A Walk through Recent Nitro Chemistry Advances

by
Nagatoshi Nishiwaki
Research Center for Molecular Design, Kochi University of Technology, Tosayamada, Kami, Kochi 782-8502, Japan
Molecules 2020, 25(16), 3680; https://doi.org/10.3390/molecules25163680
Submission received: 6 August 2020 / Accepted: 7 August 2020 / Published: 12 August 2020
(This article belongs to the Special Issue Nitro Compounds and Their Derivatives in Organic Synthesis)
Versions Notes

Abstract

:
Chemistry of nitro groups and nitro compounds has long been intensively studied. Despite their long history, new reactions and methodologies are still being found today. This is due to the diverse reactivity of the nitro group. The importance of nitro chemistry will continue to increase in the future in terms of elaborate synthesis. In this article, we will take a walk through the recent advances in nitro chemistry that have been made in past decades.

1. Introduction

The chemistry of nitro compounds began at the beginning of the 19th century and has developed together with organic chemistry; in the 20th century, various reactivity properties of nitro groups were elucidated. Nitro compounds play an important role as building blocks and synthetic intermediates for the construction of scaffolds for drugs, agricultural chemicals, dyes, and explosives. In the world, millions of tons of nitro compounds are synthesized and consumed every year. In the 21st century, researchers’ attentions gradually shifted to the use of nitro compounds in the elaborate syntheses such as controlling reactivity and stereochemistry. Development of new synthetic methods has also progressed using a combination of the diverse properties of nitro groups in past decades. Indeed, numerous methodologies are reported in current scientific journals. In this article, I would like to touch lightly on the recent advances in the chemistry of nitro compounds. For more information, please see the review articles cited in the references.

2. Nitration

Nitration is one of the fundamental chemical conversions. Conventional nitration processes involve HNO3 alone or in combination with H2SO4, and this method has remained unchallenged for more than 150 years.

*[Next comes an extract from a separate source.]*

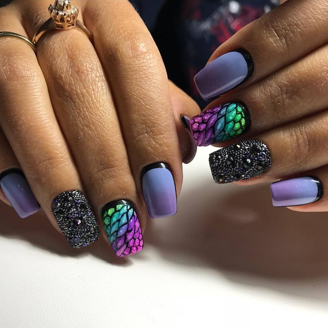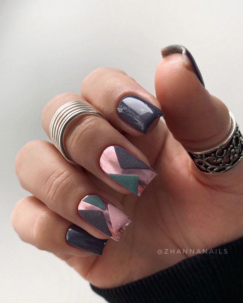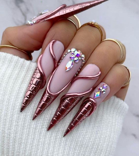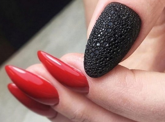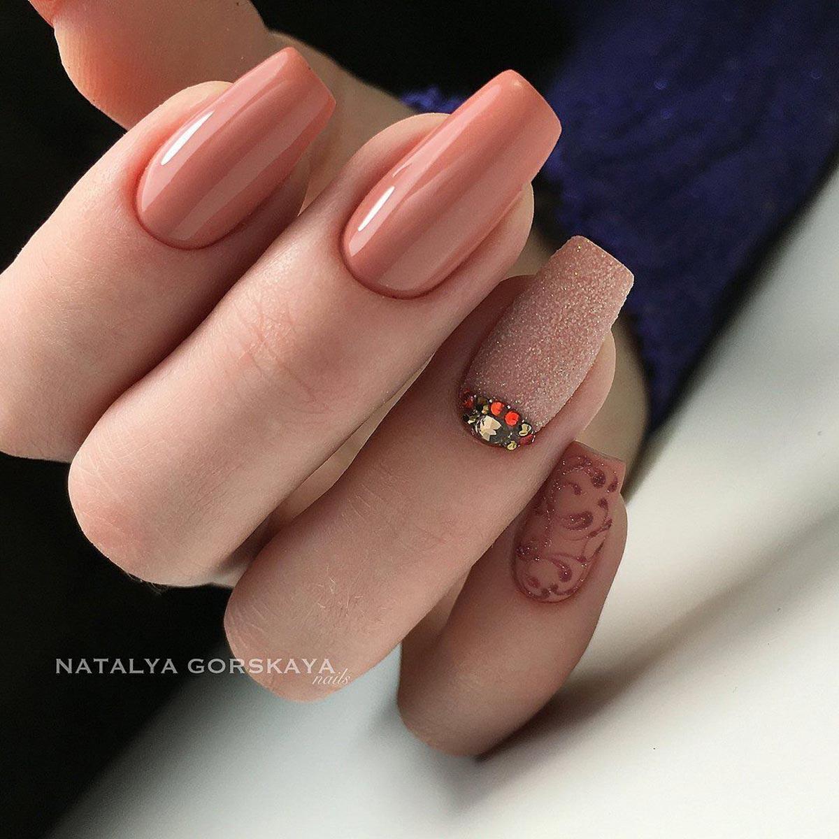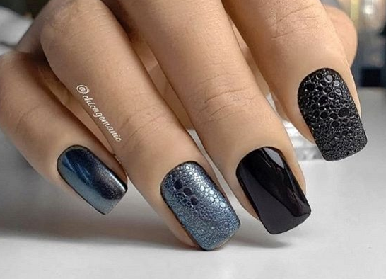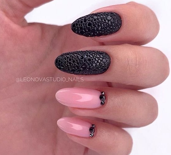 - игра со структурами: добавление объемных элементов, таких как стразы, камни, металлические детали или даже объемные рисунки, делает маникюр более текстурным и интересным;

Although other nitrating agents have been employed in a laboratory, these are not applicable to large-scale reactions because harsh conditions are sometimes necessary. The conventional methods also suffer from large amounts of waste acids and difficulty of regiocontrol [1,2]. These problems are overcome by using solid acids such as zeolites. High para-selective nitration was achieved by using tridirectional zeolites Hβ [3] because of the steric restriction when substrate is adsorbed in the zeolite cavity [4].
Suzuki et al. developed an excellent nitration method using NO2 and O3, referred to as the Kyodai method [5]. This reaction proceeds efficiently even at low temperature. The addition of a small amount of a proton acid or Lewis acid enhances reactivity of the substrate to enable the polynitration.
Since nitrating agents also serve as strong oxidants, nitro compounds are often accompanied by oxidation products [6]. In order to avoid the formation of byproducts and regioisomers, ipso-nitration methods have been developed. Wu et al. showed metal-free nitration using phenylboronic acid and t-BuONO to afford nitrobenzene [7]. Furthermore, Buchwald et al. reported palladium catalyzed ipso-nitration method using chlorobenzene and commercially available NaNO2 [8].
With the recent development of research on transition metal-catalyzed C-H activation, various skeletons have been constructed. Nitroaromatic compounds are obtained by this protocol, in which the directing group facilitates the regioselective nitration [9].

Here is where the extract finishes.